We’re Thinking the Wrong Way About Technology Supply Chain Risk

The limits of expertise in managing unpredictable cybersecurity threats

Introduction

In October 2024, Graham “Dingo” Dinkelman, a popular snake conservationist tragically died after being bitten by a highly venomous Eastern green mamba. As part of his conservation efforts, Dingo had a popular YouTube channel and frequently posted videos in which he handled and interacted with the deadly reptiles while sharing his wealth of knowledge and love for the species.

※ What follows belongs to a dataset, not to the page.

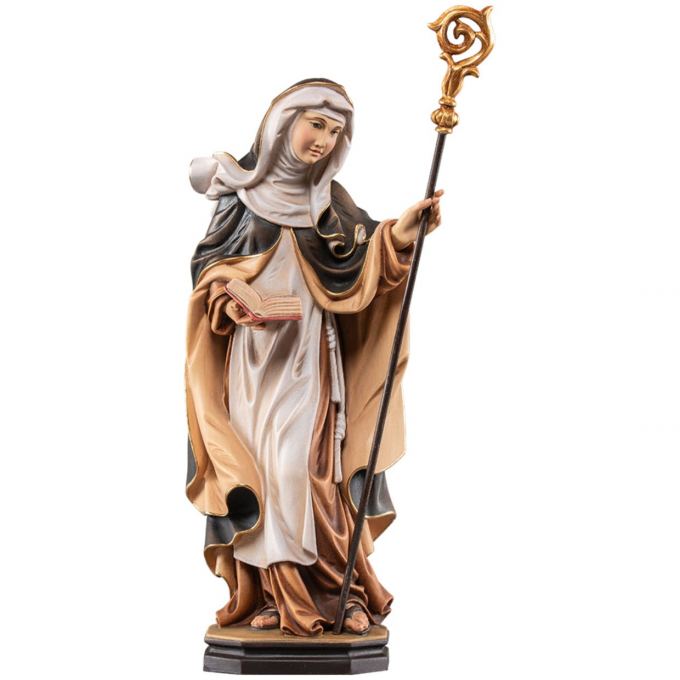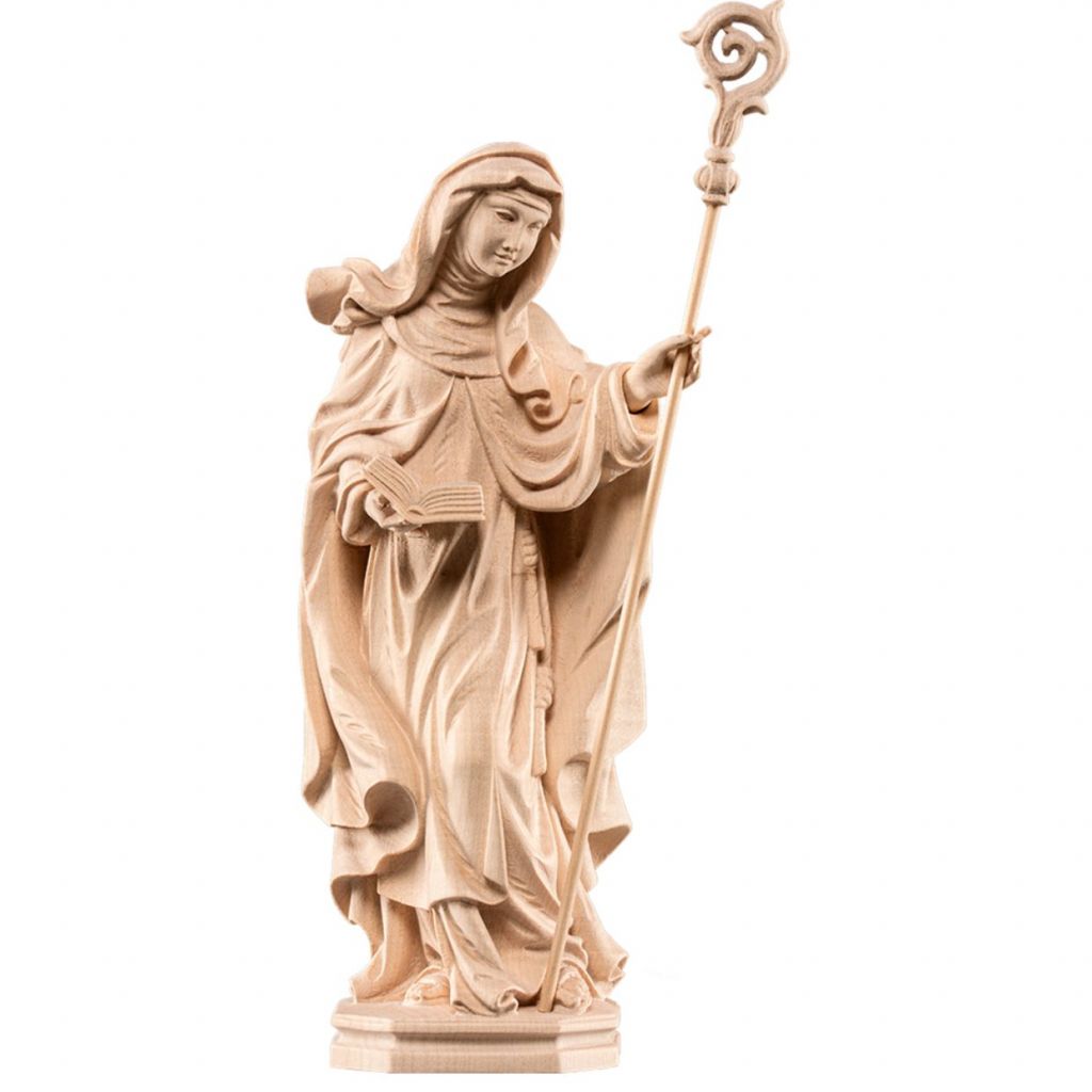 Drevená socha je vyrezaná z javorového dreva, nádherne maľovaná jemnými olejovými farbami a zlátená pravým plátkovým zlatom. Dostupná vo farbe, alebo prevedení natur (prírodné drevo) v rôznych veľkostiach.

I remember watching his videos with my wife and son and feeling very uneasy when he would do things that, in this non-snake handler’s opinion, appeared absurdly dangerous. Stunts like laying down on the ground near the snake provided little to no margin for error if the snake decided to strike. Yet day after day, Dingo relied on his extensive experience and deep understanding of the behavioral patterns of each species to guide his actions and to keep him safe.

I vividly remember our discussions at the time and wondering out loud, “He obviously knows what he’s doing, but what about all the things that are out of his control? What if the cameraman gets in the way when he has to move? What if he has to sneeze right when the snake comes towards him? What if there is a bit of wet grass and he slips on it? What if the sun peaks through the trees momentarily impairing his vision?” And the ultimate question, “How many times can he do this before something goes wrong?”

We’ll come back to this later.

What are supply chain attacks?

In cybersecurity, a supply chain attack refers to a tactic where threat actors compromise a third-party, for example cloud service providers, software or hardware vendors, and business process outsourcing (BPO) vendors. Instead of attacking a business directly, attackers first exploit vulnerabilities in a third-party supplier. Sometimes a smaller supplier is the path of least resistance into a larger company. Sometimes a commonly used supplier is a gateway into many companies; hack once, compromise hundreds (or more).

Supply chain attacks are not new, but there does seem to have been a recent and significant rise in their frequency and severity. In fact, IBM’s descriptively titled, Cost of a Data Breach Report 2025, indicates that 15% of the data breaches in their study started with a supply chain attack, second only to phishing, which weighed in at 16%. 2025 was the first year supply chain attacks appeared in their report, and to debut at #2 indicates a sudden rise in the frequency of these attacks. IBM also notes that supply chain attacks take the longest, on average, to identify (196 days) and contain (an additional 71 days).

Source: IBM – Cost of a Data Breach Report 2025

Examples

The phrase “supply chain attack” by itself doesn’t paint a great picture of what it is. So, I summarized some of the more famous attacks, as well as some recent attacks to help crystalize the concept and illustrate the incredible diversity of ways that these attacks can happen.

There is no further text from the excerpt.